EXERCISE GOAL >> Using the records below, copy every line that holds the string "风雅中国人".
*** Block opens ***
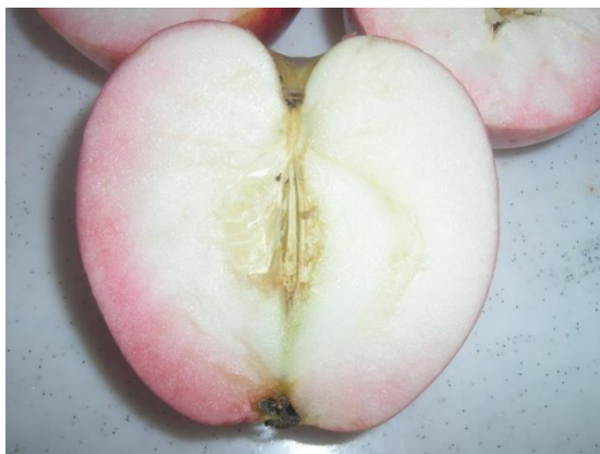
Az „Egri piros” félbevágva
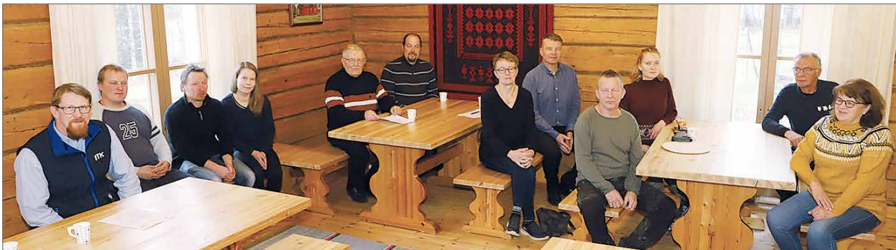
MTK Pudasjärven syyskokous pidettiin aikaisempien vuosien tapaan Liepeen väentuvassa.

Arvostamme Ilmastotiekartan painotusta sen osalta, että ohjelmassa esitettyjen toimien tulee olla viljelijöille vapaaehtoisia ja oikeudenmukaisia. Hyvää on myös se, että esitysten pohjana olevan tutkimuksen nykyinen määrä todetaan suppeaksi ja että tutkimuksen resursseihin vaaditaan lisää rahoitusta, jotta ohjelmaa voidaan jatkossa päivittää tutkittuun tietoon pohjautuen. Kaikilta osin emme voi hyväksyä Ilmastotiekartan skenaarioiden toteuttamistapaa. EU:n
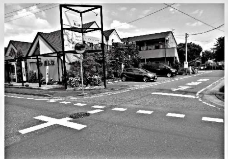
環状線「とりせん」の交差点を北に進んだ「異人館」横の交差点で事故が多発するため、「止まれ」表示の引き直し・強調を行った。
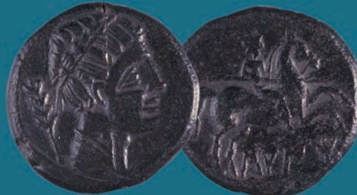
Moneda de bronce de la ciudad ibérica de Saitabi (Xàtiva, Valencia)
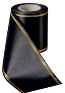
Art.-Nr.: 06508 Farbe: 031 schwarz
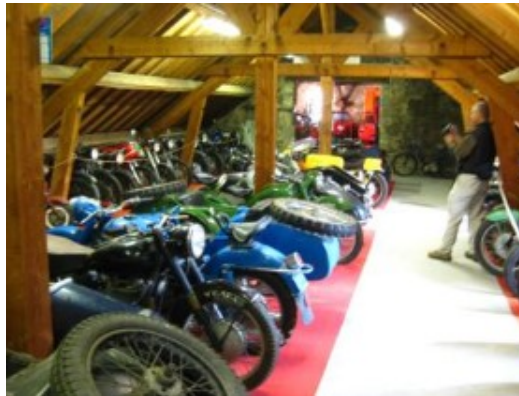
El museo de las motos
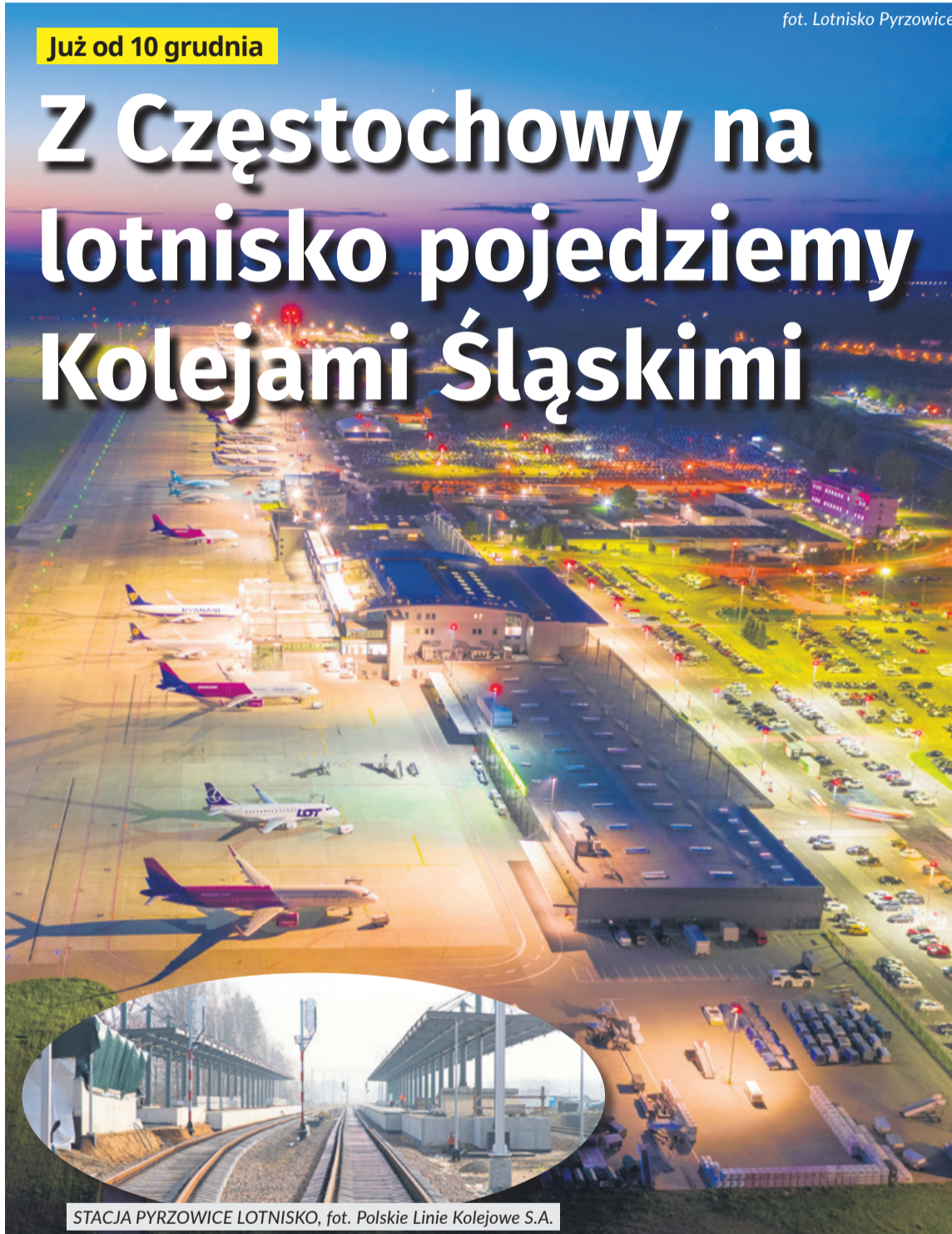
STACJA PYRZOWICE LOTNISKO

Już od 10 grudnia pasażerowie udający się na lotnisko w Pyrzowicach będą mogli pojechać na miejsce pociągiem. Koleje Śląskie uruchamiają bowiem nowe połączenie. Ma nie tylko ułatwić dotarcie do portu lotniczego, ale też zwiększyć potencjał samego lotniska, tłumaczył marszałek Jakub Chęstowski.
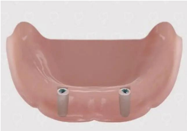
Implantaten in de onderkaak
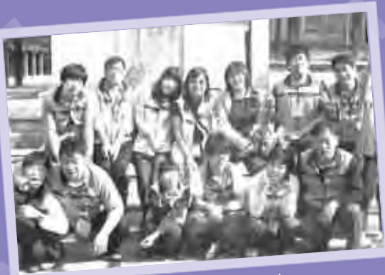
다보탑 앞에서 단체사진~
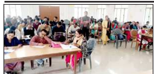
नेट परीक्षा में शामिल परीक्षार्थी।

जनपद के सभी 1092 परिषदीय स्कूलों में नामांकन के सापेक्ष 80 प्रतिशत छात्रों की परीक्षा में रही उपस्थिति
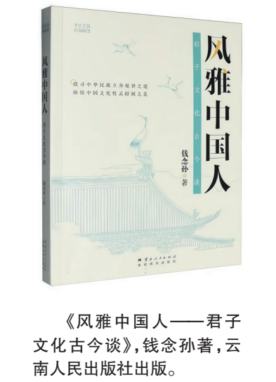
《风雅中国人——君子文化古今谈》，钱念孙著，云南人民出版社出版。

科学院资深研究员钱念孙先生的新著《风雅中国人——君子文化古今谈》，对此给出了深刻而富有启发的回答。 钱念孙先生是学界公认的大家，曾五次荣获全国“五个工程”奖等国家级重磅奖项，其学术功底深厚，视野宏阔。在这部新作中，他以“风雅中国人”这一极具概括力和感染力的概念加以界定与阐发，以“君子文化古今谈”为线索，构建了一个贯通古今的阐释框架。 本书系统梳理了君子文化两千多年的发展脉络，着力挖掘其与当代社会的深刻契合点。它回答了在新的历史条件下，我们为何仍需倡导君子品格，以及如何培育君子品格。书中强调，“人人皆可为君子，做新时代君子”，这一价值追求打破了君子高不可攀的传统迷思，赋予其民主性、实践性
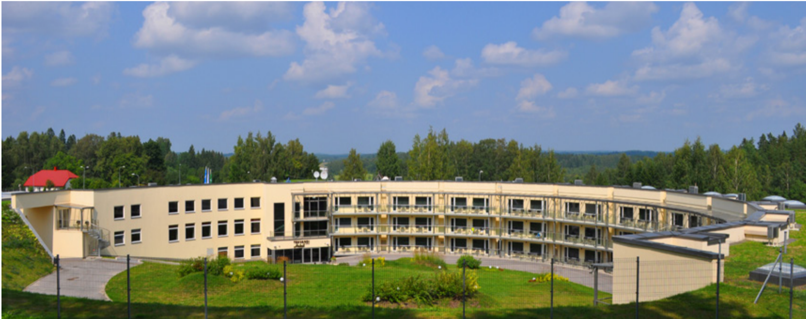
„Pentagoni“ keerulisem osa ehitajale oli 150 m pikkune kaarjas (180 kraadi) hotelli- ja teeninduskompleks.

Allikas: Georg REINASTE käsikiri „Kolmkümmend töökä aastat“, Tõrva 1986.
*** Block closes ***
*** Block opens ***
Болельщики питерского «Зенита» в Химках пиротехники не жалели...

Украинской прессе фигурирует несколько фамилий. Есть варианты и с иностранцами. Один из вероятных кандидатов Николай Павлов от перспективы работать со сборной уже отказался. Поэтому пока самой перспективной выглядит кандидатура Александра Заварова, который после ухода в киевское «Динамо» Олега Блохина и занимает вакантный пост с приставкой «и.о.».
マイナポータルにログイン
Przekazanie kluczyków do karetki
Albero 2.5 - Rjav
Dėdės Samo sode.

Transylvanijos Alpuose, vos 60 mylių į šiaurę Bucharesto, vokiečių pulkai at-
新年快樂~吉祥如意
*** Block closes ***
COMPLETED TASK >>
《风雅中国人——君子文化古今谈》，钱念孙著，云南人民出版社出版。
科学院资深研究员钱念孙先生的新著《风雅中国人——君子文化古今谈》，对此给出了深刻而富有启发的回答。 钱念孙先生是学界公认的大家，曾五次荣获全国“五个工程”奖等国家级重磅奖项，其学术功底深厚，视野宏阔。在这部新作中，他以“风雅中国人”这一极具概括力和感染力的概念加以界定与阐发，以“君子文化古今谈”为线索，构建了一个贯通古今的阐释框架。 本书系统梳理了君子文化两千多年的发展脉络，着力挖掘其与当代社会的深刻契合点。它回答了在新的历史条件下，我们为何仍需倡导君子品格，以及如何培育君子品格。书中强调，“人人皆可为君子，做新时代君子”，这一价值追求打破了君子高不可攀的传统迷思，赋予其民主性、实践性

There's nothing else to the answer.